Neurofatigue can be a bear to deal with, and it’s not like regular fatigue. It can be ongoing and cause both physical and mental exhaustion. It’s also really difficult to explain it to others who have never experienced it. People around you may say that you’re being “lazy” because you’ve been unable to get out of bed, but you know that’s not the case.

Why does it happen?

Neurofatigue happens for several reasons. It can be the result of the brain injury itself and a result of the healing process. It takes a lot of energy for the brain to repair itself. The brain is essentially the computer that runs our body. It’s responsible for so many things. So, when it has to continue running everything and also work on itself, that results in neurofatigue!

How can I improve it?

This list is meant to be a starting point. We know that sometimes it just takes time or that it might not completely go away. We also know that there will be good days and bad days. But I have had clients implement these strategies with good results, so I wanted to share!

Move more

I know. It seems counterintuitive to move more when you’re exhausted. But when we’re sedentary this leads to a vicious cycle. Fatigue leads to inactivity, which leads to fatigue, which then leads to more inactivity. Remember, you can (and should) start small!

Look at sleep

Do you wake up feeling completely unrefreshed after getting 7+ hours of sleep? Does your partner notice that you snore, or do you wake up gasping/choking? The incidence of Obstructive Sleep Apnea in survivors is much higher than in the general population. An interruption in sleep can lead to daytime fatigue. Talk with your doctor if you think this may be an issue.

Watch your mood

As with movement and fatigue, mood and fatigue also have a similar relationship. Depression can lead to fatigue, but fatigue can also lead to depression. If you’re able to talk with your doctor or a mental health professional, do it. If you don’t have access, at least talk to a friend to let someone know how you’re feeling.

Medication side effects

Do any of your medications have insomnia, fatigue, drowsiness, or sleepiness listed as side effects? If so, talk with your doctor. Advocate for yourself. Ask what they can do.

Use mindfulness

At its core, mindfulness is just the practice of non-judgmental awareness of the present moment. It can be used as a healthy coping strategy to deal with stress and anxiety.
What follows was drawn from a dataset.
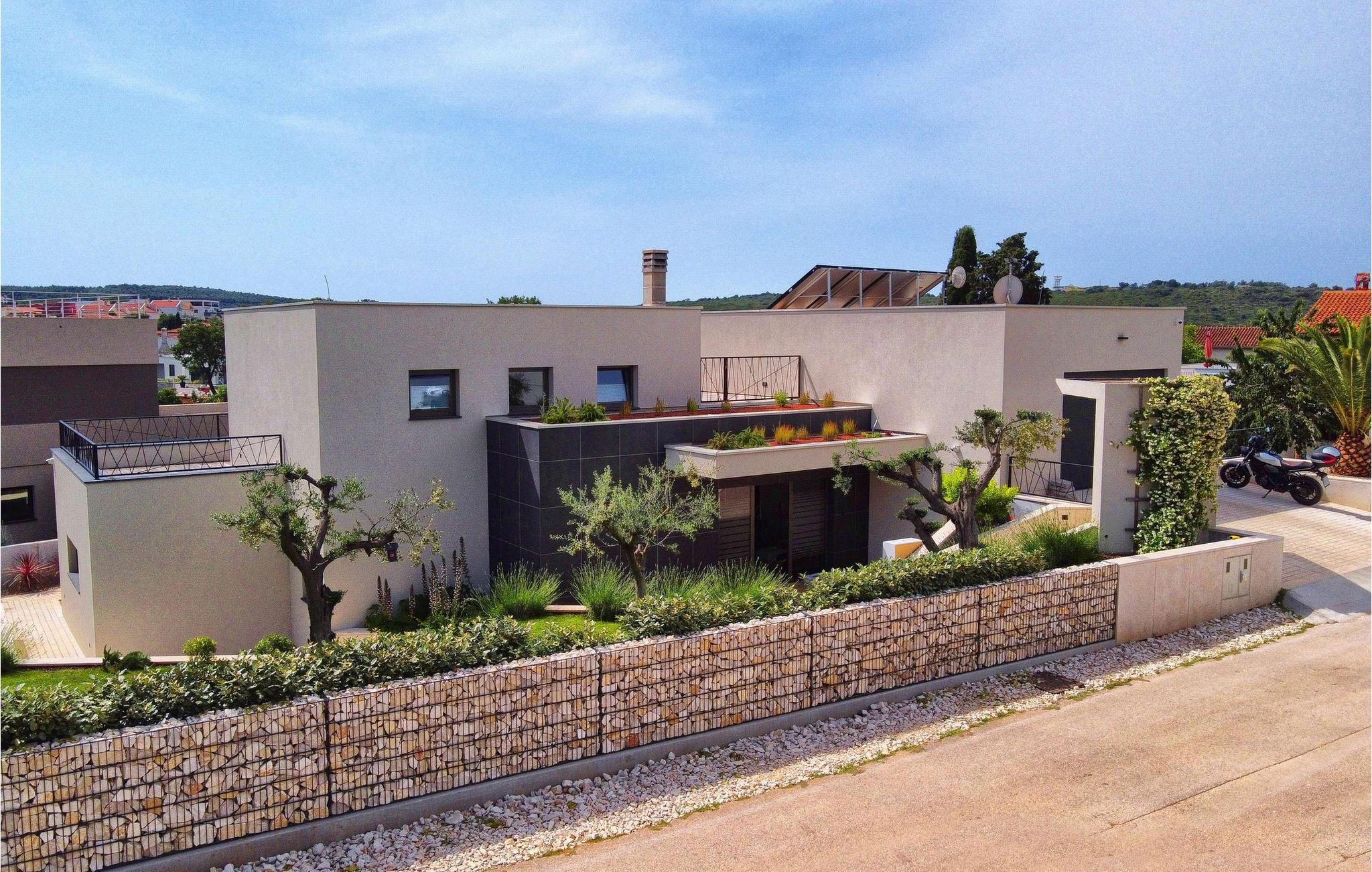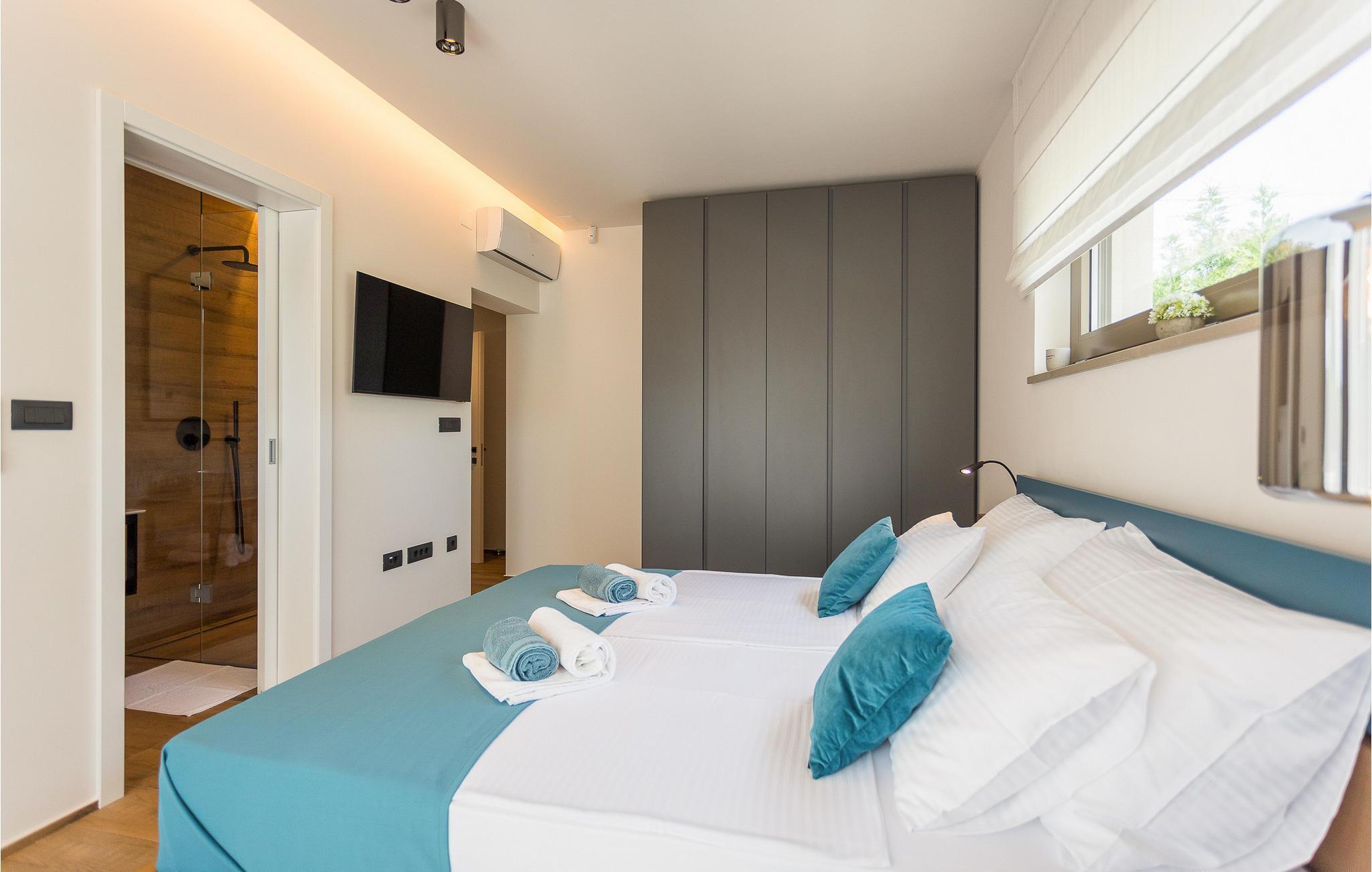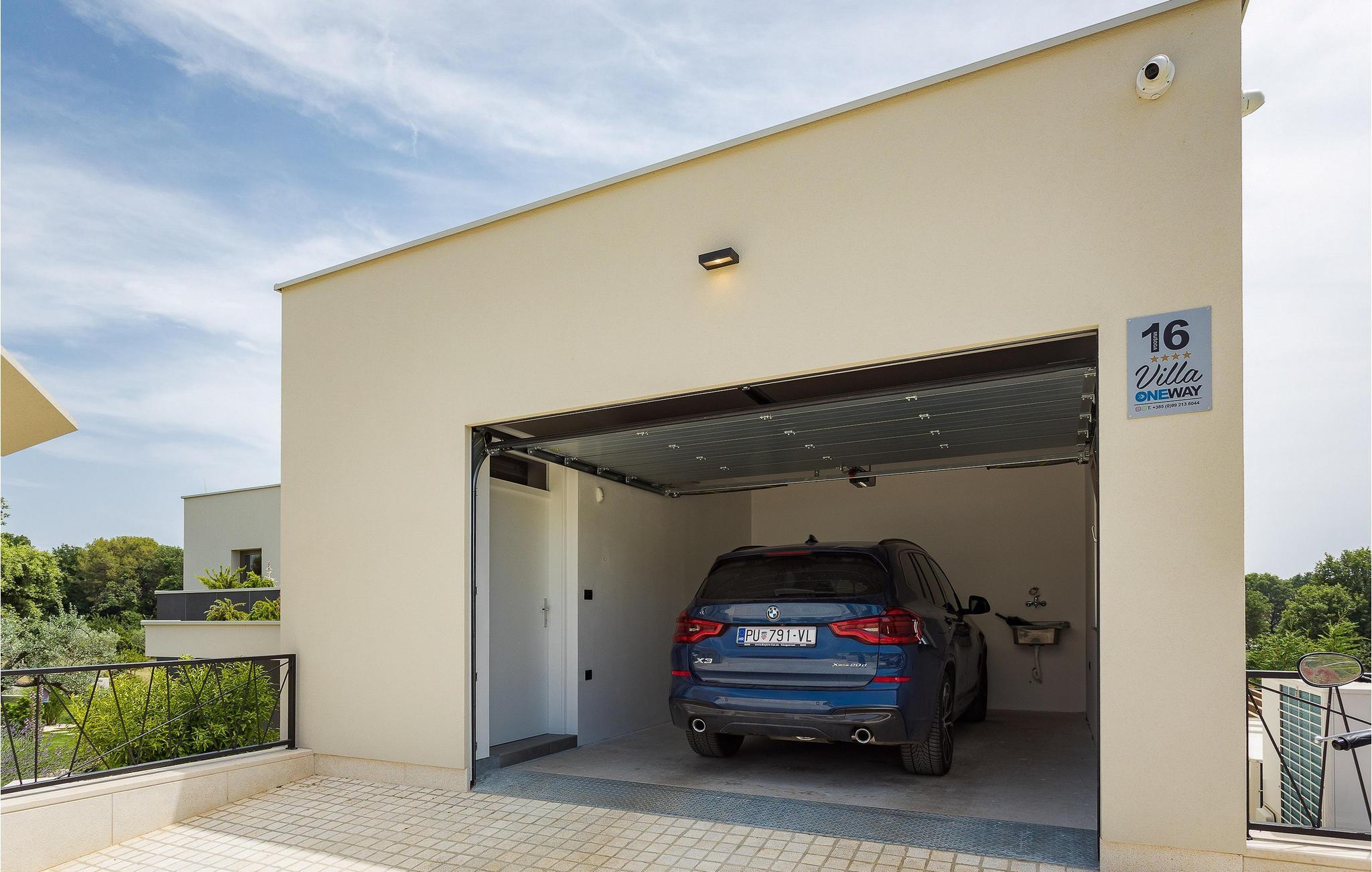 Villa One Way ligger i Istrien i Banjole, kun 6 km fra byen Pula. Banjole er en lille fiskerby på en halvø, ideel for alle elskere af sejlsport, hav eller fiskeri. Derudover er dette sted rig på adskillige bugter og naturlige strande, der vil glæde alle, der ønsker at tilbringe en fredelig og afslappende ferie. Villa One Way blev bygget i 2021 i en moderne stil og har 292 m2 boligareal. Det ligger 300 m fra det nærmeste hav og ca. 500 m fra sten- og stenstranden. Villaen har aircondition, sover op til 8 personer og har havudsigt fra et soveværelse og en terrasse ovenpå. Stueetagen af villaen er indrettet i moderne stil: stue med sofa, lænestol, bord og TV. Den romantiske pejs er placeret nær stuen i spisestuen, hvor der er spisebord til 8 personer. Køkkenet er udstyret med alt hvad du behøver for at tilberede lækre måltider til din familie eller venner. I stueetagen er der også et soveværelse med eget badeværelse med bruser. Ovenpå er der 3 yderligere soveværelser med dobbeltsenge, herunder 3 en-suite badeværelser med bruser. På den udendørs terrasse kan du komfortabelt forfriske dig i den opvarmede pool på 31 m2 og en dybde på 1,5 m. Dens yderligere funktioner er hydromassage, hydro-luftbænk og belysning, der skaber en særlig atmosfære om aftenen. Du kan solbade og slappe af på de 6 liggestole og på terrassen er der en udendørs grill på kul eller træ. One Way Villa har også en vaskemaskine, en tørretumbler og et strygejern samt to separate toiletter. Hvis børn kommer med, er en foderautomat tilgængelig. Det er muligt at nyde massage efter forudgående aftale. Der er to parkeringspladser i gården og samme antal udenfor. Villaen har elbiloplader og fast fortøjning til både op til 15 m, som ligger 3 km fra bygningen. Villaen er fuldt indhegnet og har en smukt anlagt grøn gård og en gård fyldt med forskellige typer planter og træer. Børn vil nyde masser af plads til at lege og blive underholdt. Andre underholdningsmuligheder for børn og voksne omfatter dart, bordtennis, rutsjebane, trampolin, PlayStation, gynger, badminton, digital-tv og SUP. Strandene i Banjole er småsten og stenede, og da fyrreskoven når ned til havet, kan du altid finde et skyggefuldt sted. Dette sted er ideelt for ældre og yngre generationer, alle vil altid finde noget for sig selv. I umiddelbar nærhed ligger byer som Medulin og Pula, som tilbyder en række interessante lokale aktiviteter og underholdning. Atleter og rekreative atleter har en græsfodboldbane og op til fire tennisbaner i Banjole. Forkæl dig selv med en pause fra hektisk hverdag, forkæl dig selv med en stille og behagelig drømmeferie! Velkommen til Villa One Way!

We know that stress and anxiety lead to increased fatigue, so using mindfulness to cope may reduce fatigue.

Watch your nutrition

You may not immediately think of food when you think of fatigue, but what we put in our bodies absolutely affects fatigue levels. Especially foods with a high glycemic index like white bread, white rice, fried foods, cakes, cookies, chips, and dried fruits. These foods cause our blood sugar to rise quickly and then crash shortly thereafter. Avoid these foods and opt for something high in fiber, protein, and healthy fats.

Reduce decision fatigue

Decision fatigue happens when we have to make too many decisions in a short amount of time. And I specifically mean day-to-day decisions like what to wear, eat, etc. Solving some of these decisions ahead of time can give your brain space to breathe.